ROSA Break Glass Troubleshooting
This content is authored by Red Hat experts, but has not yet been tested on every supported configuration.
Background
WARNING: this procedure should only be initiated by a member of the Black Belt team or someone incredibly familiar with ROSA as a whole. THIS IS NOT COMMON!!!
This guide shows how to access ROSA instances in the situation that a break glass scenario is required in the account where ROSA is deployed. This procedure should only be performed under unusual circumstances like a failed provision in order to collect logs. This may be necessary if the control plane fails and SRE is unable to connect or do much to assist with troubleshooting.
Locate the Nodes
In order to locate the nodes, you can login to your AWS account and navigate to the EC2 service. In the search bar, you can search for the name of your cluster:
Connect to the Node in Serial Console
From the above list, you will need to connect to the node which you wish to reset the password for. This should be performed for each node that needs to be connected to (e.g. each control plane node). Once you’ve selected your node, hit the Connect button and navigate to EC2 serial console.

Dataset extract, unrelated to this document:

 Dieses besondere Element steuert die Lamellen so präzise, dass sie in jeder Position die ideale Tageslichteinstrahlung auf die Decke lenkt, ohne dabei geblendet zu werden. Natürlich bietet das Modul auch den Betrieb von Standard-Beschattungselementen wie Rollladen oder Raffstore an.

You should see a terminal (you may have to hit enter to get the prompt to show up):
Reboot the Node
Back in the EC2 web console, select Reboot Instance and then quickly navigate back to the serial console from the above step:
You will see the node go through a reboot sequence:
Boot into single user mode
WARNING the boot menu pops up VERY quickly so you will need to babysit the serial console a bit otherwise you will have to repeat the above steps to get back to this point.

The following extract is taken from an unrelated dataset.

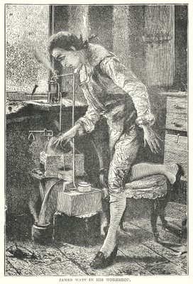 James Watt in zijn werkplaats (gravure)(James Watt in his Workshop (engraving))English School |

Once the menu pops up, you will need to quickly hit the e
key to edit the boot options. On the
line starting with linux
, you will need to add single
as an option:
Hit CTRL+X
to continue the boot process. Once prompted to boot or continue, hit the Enter
key:
Change your password
Change your password like you would on a normal Linux system to a password that you know:
passwd root
Changing password for user root.
New password:
Retype new password:
passwd: all authentication tokens updated successfully.
Reboot and login
Finally, reboot the host and you can login normally as the root
user
with the password you set in the previous step:
ip-10-10-0-216 login: root
Password:
Red Hat Enterprise Linux CoreOS 412.86.202309190812-0
Part of OpenShift 4.12, RHCOS is a Kubernetes native operating system
managed by the Machine Config Operator (`clusteroperator/machine-config`).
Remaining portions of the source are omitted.